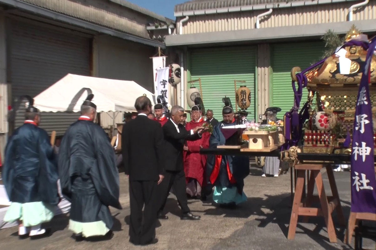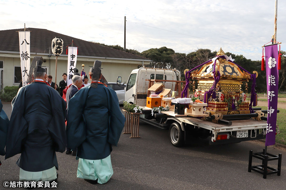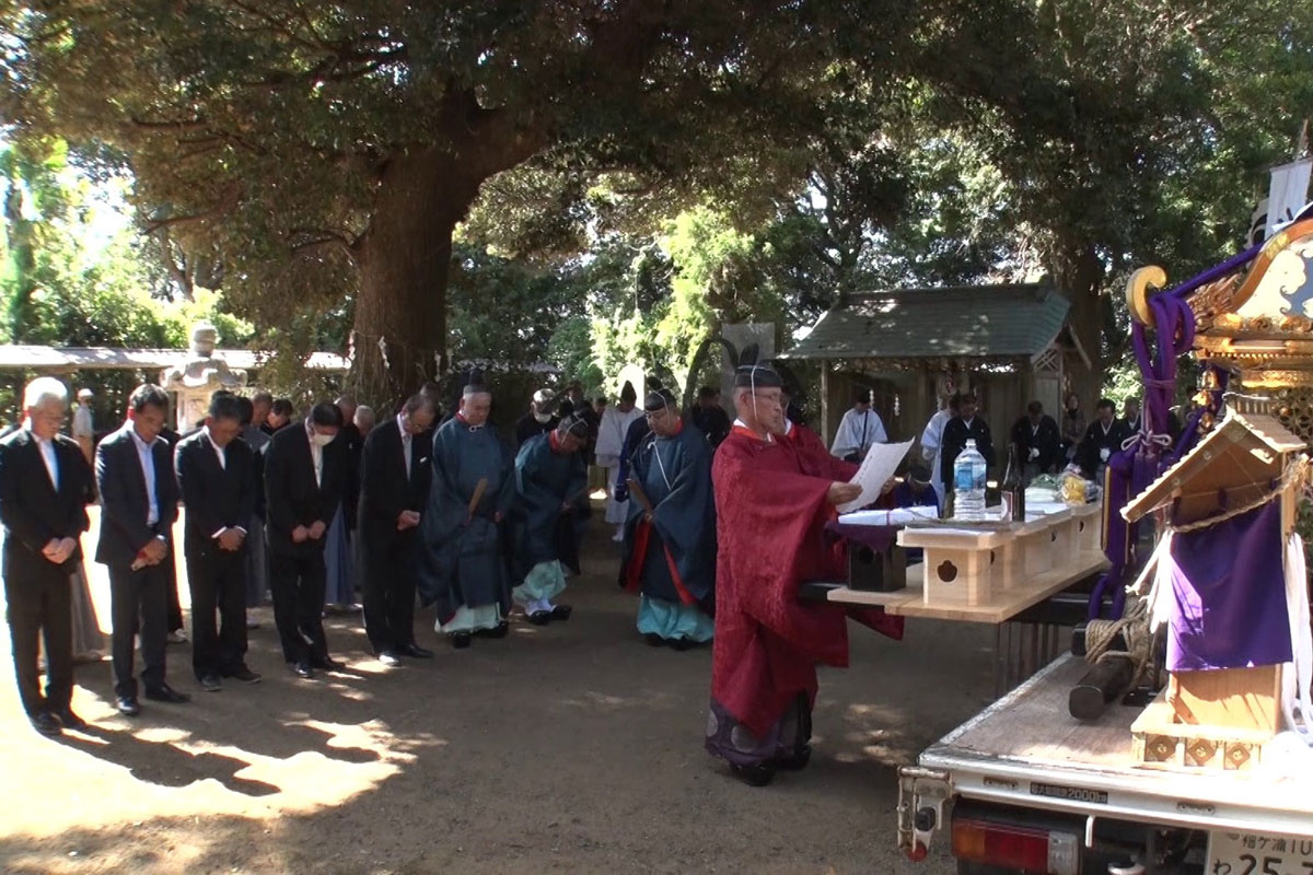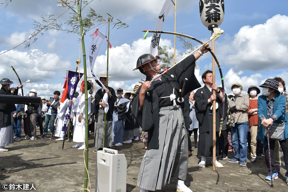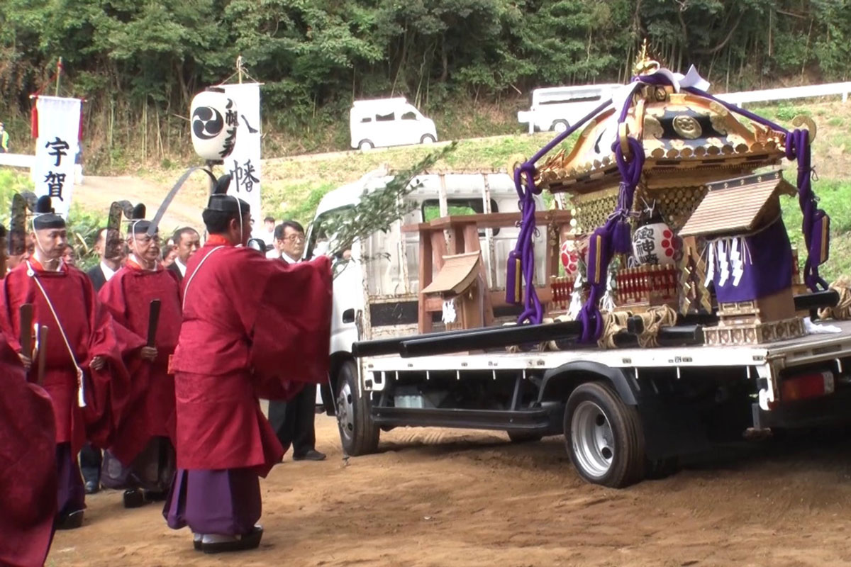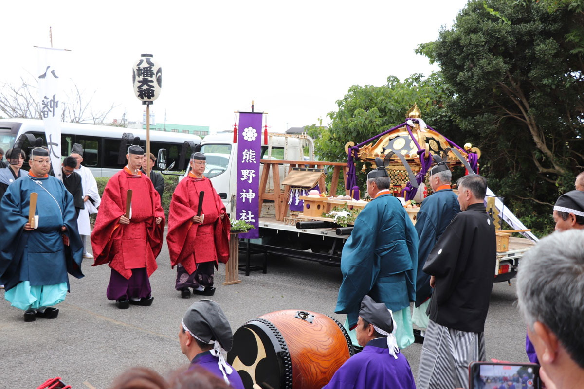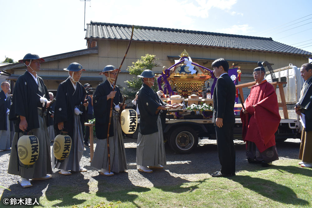 - 三川下宿区の熊野堆の石宮前にウマを置いて神輿を安置し、矢刺神社の往古宮司が祭主を務めて奉迎祭が行われました。熊野堆を管理する大久保家ほか、下宿区の役員や矢刺神社の役員が参列、参拝し、大久保家当主に宮司から太玉串が、続いて四天王から御神矢が2本贈られました。
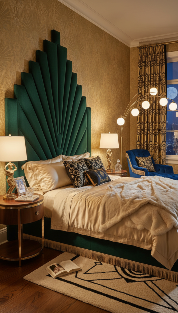 For a touch of 1920s Hollywood glam, a velvet headboard is essential. The texture captures light beautifully and adds a layer of sophistication and physical comfort for late-night reading.
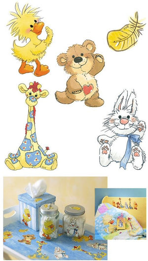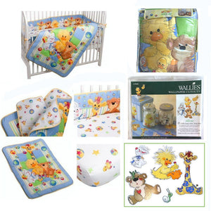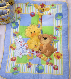 Ensemble de literie pour berceau Witzy's Treasures du zoo Little Suzy's Vintage 5 pièces Collection de chambre d'enfant Couverture pour bébé Doudou Canard Ours Girafe Animaux et jouets Unisexe 2000 Rare
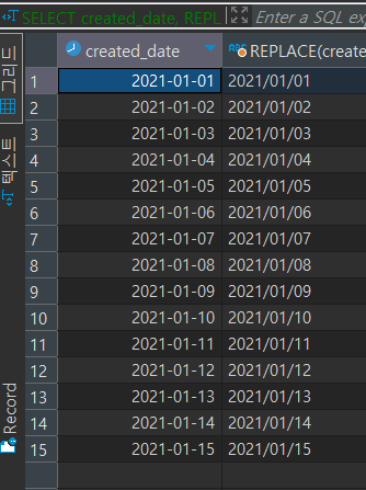 ⑩ REPLACE(string, old_val, new_val) : string에서 old_val 문자열을 찾은 후에, 찾은 문자열을 new_val로 대체
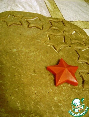 Я вырезала звездочки и формочкой мне послужила старая звездочка с елочной гирлянды…красная такая! -
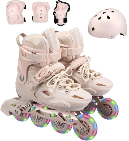 Action One Pastel Tan Görkorcsolya szett, sisakkal, könyök/térd védő és hordtáskával, állítható, S méret (28-31), barna Ez a készlet kezdő vagy haladó görkorcsolyázók számára készült, hogy teljes biztonságban korcsolyázhassanak. A készlet tartalma: állítható görgők, védősisak, könyök- és térdvédők, mindezt hordtáskában. A görgők több méretben állíthatók, nagyon ellenálló jéggel és puha és kényelmes béléssel rendelkeznek. Helyesen és szilárdan van rögzítve a bokára, így biztosítva a láb optimális védelmét. A sisak ultrakönnyű külső héja polipropilénből, belső anyaga EPS hab az ütési energia elnyelésére és 6 szellőzőnyílás. A csuklóvédő készlet tartós műanyagból és hálós anyagból készült. Jellemzők: Kerékátmérő: 64 mm, szilikon. Világító kerekek. Csapágyak: ABEC-7 Sín anyaga: alumínium Henger anyaga: polipropilén és háló Zárórendszer: állítható csat az optimális bokatartásért, csipke és tépőzár az optimális tartásért Fékvezérlés: klasszikus fék PP betéttel az egyik csomagtartón (jobbra)
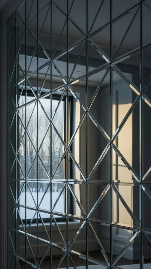 Grid-style mirror walls break reflections into sections, which keeps the space visually organized. The repeated pattern adds structure while still reflecting light.
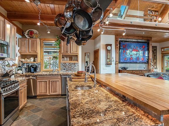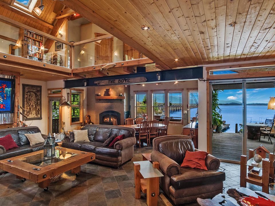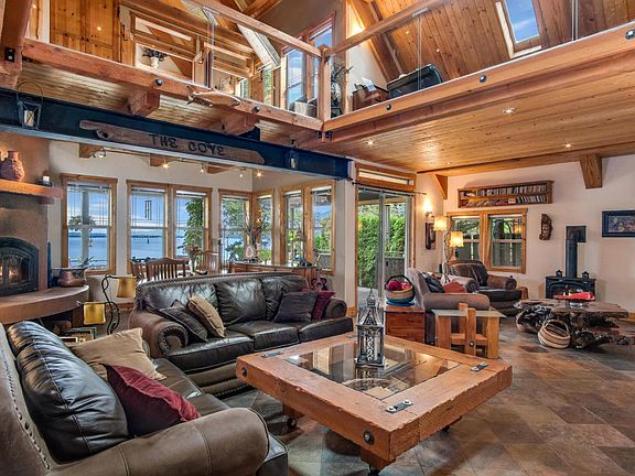 Stunning Timber frame Waterfront home with guest apartment, RV parking and shop (28 x 30 w/ 2nd level)! Incredibly designed with beams that span over 3,900sf, 4 bedrooms (2 masters), office, 4 baths & expansive windows for natural light that flows throughout the home's open layout. Dramatic living room that offers showcasing lake views, a fireplace (wood burning) and inviting spaces. The Gourmet kitchen is stunning with Granite counters, SS high end appliances & custom cabinets. Apartment w/kitchen, living room, 2 bedrooms & office loft. Outdoor living areas include a covered deck, stone patio, rock fountain features mature landscaping, lawn to the water's edge w/sandy beach & private dock. Finished 3-car heated garage w/work shop. Extensive wood, teak floors & tile accents. Forced air
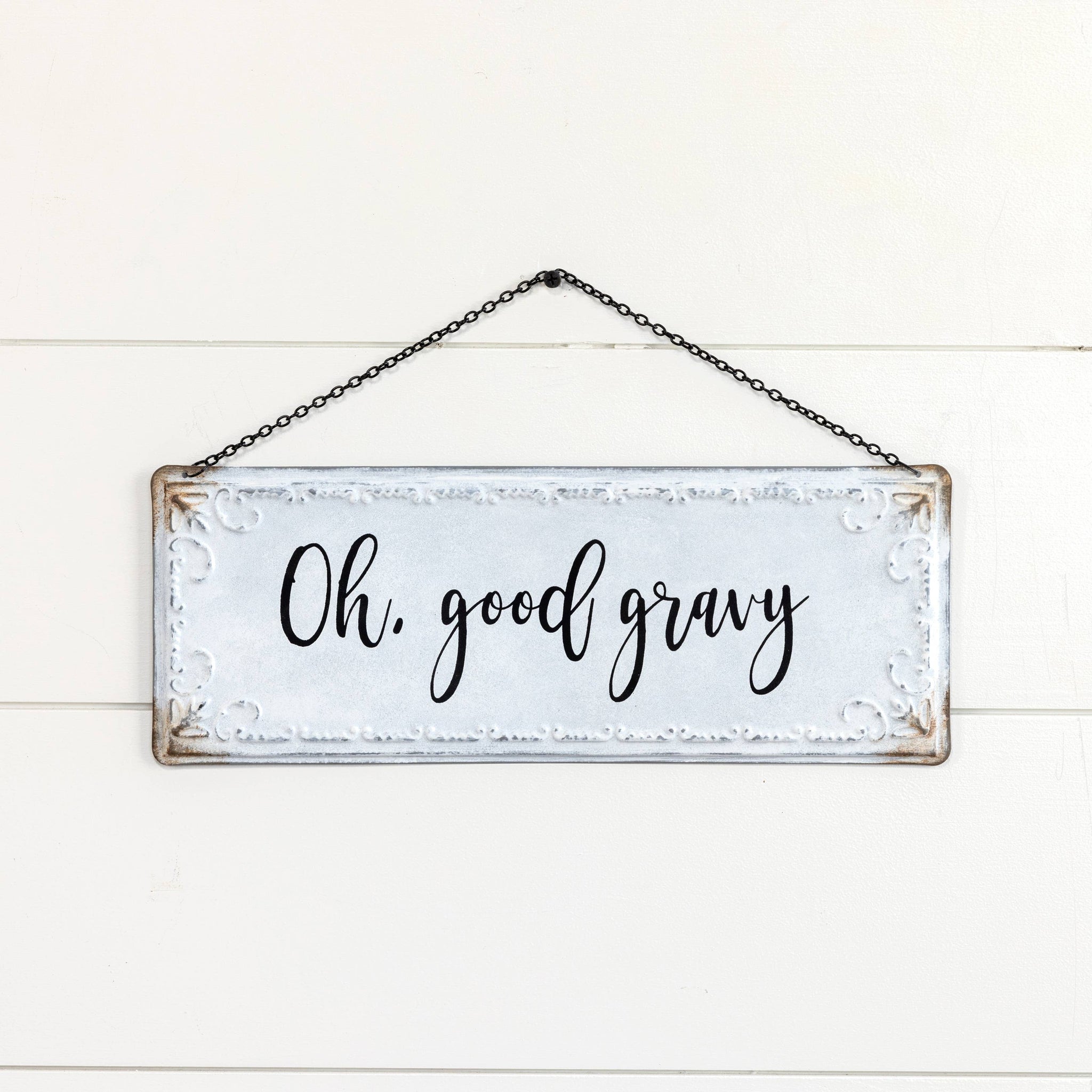 The 'Oh, Good Gravy' sign from Ragon House is a delightful addition to any home. With a hang height of 8.75" chain and a 14" depth, this sign is perfect for enhancing your home accents. Inspired by antique shows, flea markets, and historical pieces, this sign embodies the passion and creativity that has driven Ragon House for over 25 years.
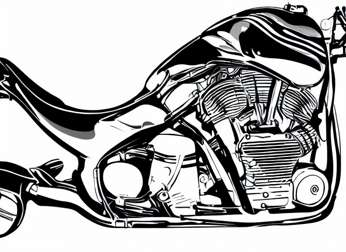 motor bike in xray style image with engine highlighted
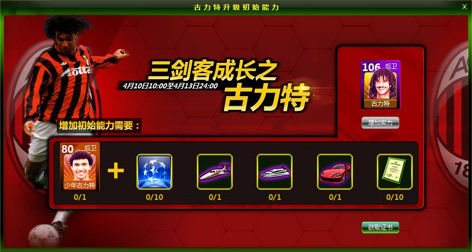 活动内容:在活动期间,玩家在活动界面内集齐一系列数量的道具就会点亮“增加实力”按钮,使当前玩家球队中的古力特增加1点初始能力。

What to produce:
The stretch to restate runs from the line above containing "Ensemble de literie" through the line containing "Grid-style mirror walls". Copy it word for word, ends included, without pictures.

Completed exercise:
 Ensemble de literie pour berceau Witzy's Treasures du zoo Little Suzy's Vintage 5 pièces Collection de chambre d'enfant Couverture pour bébé Doudou Canard Ours Girafe Animaux et jouets Unisexe 2000 Rare
 ⑩ REPLACE(string, old_val, new_val) : string에서 old_val 문자열을 찾은 후에, 찾은 문자열을 new_val로 대체
 Я вырезала звездочки и формочкой мне послужила старая звездочка с елочной гирлянды…красная такая! -
 Action One Pastel Tan Görkorcsolya szett, sisakkal, könyök/térd védő és hordtáskával, állítható, S méret (28-31), barna Ez a készlet kezdő vagy haladó görkorcsolyázók számára készült, hogy teljes biztonságban korcsolyázhassanak. A készlet tartalma: állítható görgők, védősisak, könyök- és térdvédők, mindezt hordtáskában. A görgők több méretben állíthatók, nagyon ellenálló jéggel és puha és kényelmes béléssel rendelkeznek. Helyesen és szilárdan van rögzítve a bokára, így biztosítva a láb optimális védelmét. A sisak ultrakönnyű külső héja polipropilénből, belső anyaga EPS hab az ütési energia elnyelésére és 6 szellőzőnyílás. A csuklóvédő készlet tartós műanyagból és hálós anyagból készült. Jellemzők: Kerékátmérő: 64 mm, szilikon. Világító kerekek. Csapágyak: ABEC-7 Sín anyaga: alumínium Henger anyaga: polipropilén és háló Zárórendszer: állítható csat az optimális bokatartásért, csipke és tépőzár az optimális tartásért Fékvezérlés: klasszikus fék PP betéttel az egyik csomagtartón (jobbra)
 Grid-style mirror walls break reflections into sections, which keeps the space visually organized. The repeated pattern adds structure while still reflecting light.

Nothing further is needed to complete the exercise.